Antifungal and ultraviolet–visible barrier properties in starch films reinforced with CuO nanoparticles

Abstract

AbstractStarch materials are subject to loss of initial characteristics due to the retrogradation degenerative effect, high hygroscopicity, and favoring the growth of the microorganisms, which reduces the shelf life of packaging. In this sense, the insertion of nanoparticulated CuO was evaluated for the best performance. CuO is a semiconductor that can improve optical, mechanical, and antimicrobial properties, enabling excellent promotion of starch films. The hot injection precipitation method was used to obtain CuO nanoparticles in the nanometric scale rapidly.
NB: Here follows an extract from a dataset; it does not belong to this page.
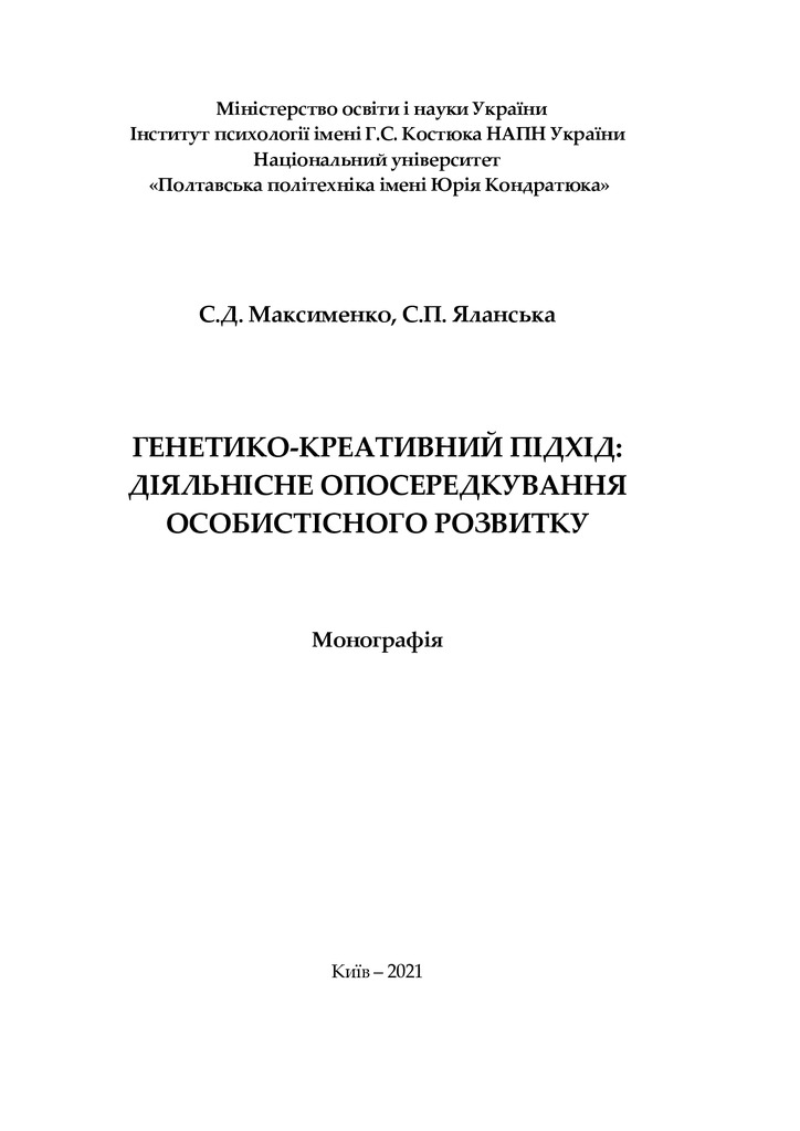2021/12/13Генетико-креативний підхід: діяльнісне опосередкування особистісного розвитку

The films were carried out from the starch homogenization in water and urea under temperature, followed by thermopressing at 120°C. As a result, the 1% CuO (w w−1) increased tensile strength from 0.87 ± 0.40 to 1.92 ± 0.09 MPa. Furthermore, the films containing nanoparticles showed a barrier property against radiation in the ultraviolet–visible spectrum, not observed for the micrometric scale. Such results were attributed to the superior opacity of the films generated by nanometric reinforcement. Concerning antimicrobial activity, the films containing CuO showed a fungistatic effect (33%) for the Alternaria alternata fungus, a microorganism very susceptible to carbohydrate‐rich sources. Thus, the CuO‐reinforced starch films improved physicochemical and biological properties, making them promissory candidates for commercial application.